In Italia circa 6.000 persone sono affette da Sclerosi laterale amiotrofica (Sla), grave malattia neurodegenerativa che ogni anno colpisce 1.500 italiani prevalentemente nella fascia di età compresa tra i 50 e 70 anni.
A questi pazienti e ai loro familiari è dedicata la Giornata nazionale della Sla che anche quest’anno l’Associazione italiana sclerosi laterale amiotrofica (Aisla) celebra il 18 settembre.
La Sla è una patologia ad alta complessità che coinvolge anche l’intero nucleo familiare. La mente resta vigile ma prigioniera in un corpo che diventa via via immobile: la perdita delle capacità di movimento, di respirazione, di deglutizione e di comunicazione verbale richiedono una continua elaborazione e adattamento.
Abbiamo rivolto qualche domanda a Pina Esposito, segretario generale di AISLA onlus.
- Ci sono novità per quanto riguarda la ricerca?
Attualmente stiamo raccogliendo i dati della sperimentazione di un nuovo farmaco che però è specifico per una forma genetica di Sla, legata al gene SOD1. I risultati sembrano positivi ma riconducibili ad un target specifico e non tutte le Sla hanno questo gene. Da questo punto di vista si va avanti ma con lentezza. Questo ci porta a sperare che l’attenzione da parte dei ricercatori sia alta.

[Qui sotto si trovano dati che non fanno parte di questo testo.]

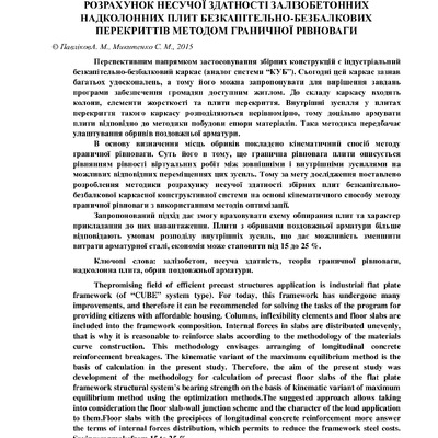 Розроблено методику розрахунку несучої здатності міжколонної плити перекриття безконсольно-безкап...
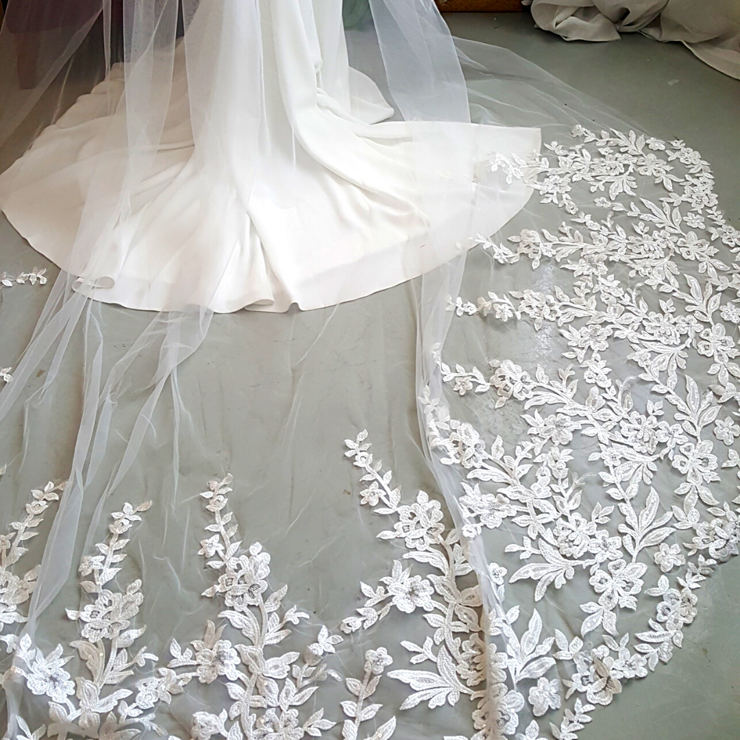 Type of Lace: French Guipure Lace with sparkly sequins, Full Lace along the train of the veil, front is clear
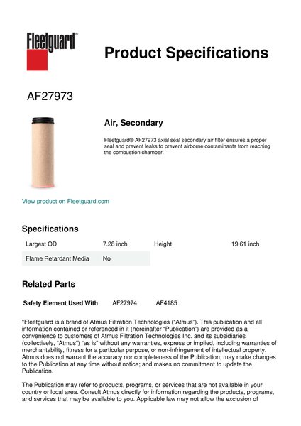 Fleetguard AF27973 Air, Secondary

- Qual è il quadro che si registra in Campania tra malati e assistenza?
Non abbiamo un dato preciso dei malati Sla perché purtroppo non c’è un registro né a livello nazionale né a livello regionale. Parliamo, quindi, di dati stimati: in Campania abbiamo un numero che va da 450 ai 500 malati. Parliamo di una malattia a forte impatto assistenziale: chi si ammala è a carico del proprio congiunto h24. Ha bisogno di tutto! Con questo spirito scendiamo in tutte le piazze oggi: abbiamo ricevuto tante preoccupazioni, nei nostri centri ascolto, dai malati Sla che lamentano anche gli aumenti dei costi energetici. La nostra comunità vive, respira attraverso apparecchiature medicali e ci sono costi importanti e per questo siamo presenti per raccogliere fondi a sostegno dei nostri ammalati. Abbiamo deciso di supportare i nostri soci affetti da SLA con l’erogazione di un contributo economico straordinario. La nostra attenzione è poi affiancare le famiglie costantemente.
- Fondamentale è l’assistenza a sostegno dei malati e dei caregiver.
Noi aiutiamo le nostre famiglie ad ‘alleggerire il peso di essere un peso’ ossia supportare le persone per continuare a vivere e non a sopravvivere. La ricerca guarda avanti, l’oggi è prendersi cura: la principale criticità è un’assistenza h24. Abbiamo sensibilizzato la Regione Campania per eliminare ogni differenza e garantire un percorso diagnostico omogeneo oltre a potenziare le risorse necessarie. Se si ammala un padre un nucleo avrà bisogno di una rete sociale compatta, una presa in carico totale dal punto di vista sanitario e sociale.
- Come nasce il suo impegno e come opera Aisla?
Aisla opera attraverso sezioni territoriali e quindi l’anima sono i volontari. Abbiamo un sede a Milano dove c’è un gruppo di competenza con numerosi specialisti. Io sono diventata volontaria perché si è ammalata una mia amica diversi anni fa: non conoscevo questa malattia e abbiamo fatto una fatica enorme per darle tutto quello che le serviva. Dopo questa esperienza è nato il mio impegno che dura tuttora.
- Vuole lanciare un messaggio?
Il nostro augurio è che ci sia attenzione sempre e che le istituzioni siano sensibili perché abbiamo bisogno anche di risposte immediate ai bisogni dei nostri assistiti. Se un comunicatore arriva dopo un anno, quante cose non ha potuto dire o scrivere un malato? C’è bisogno di attenzione e noi siamo qui per garantire tutto ciò alla nostra comunità.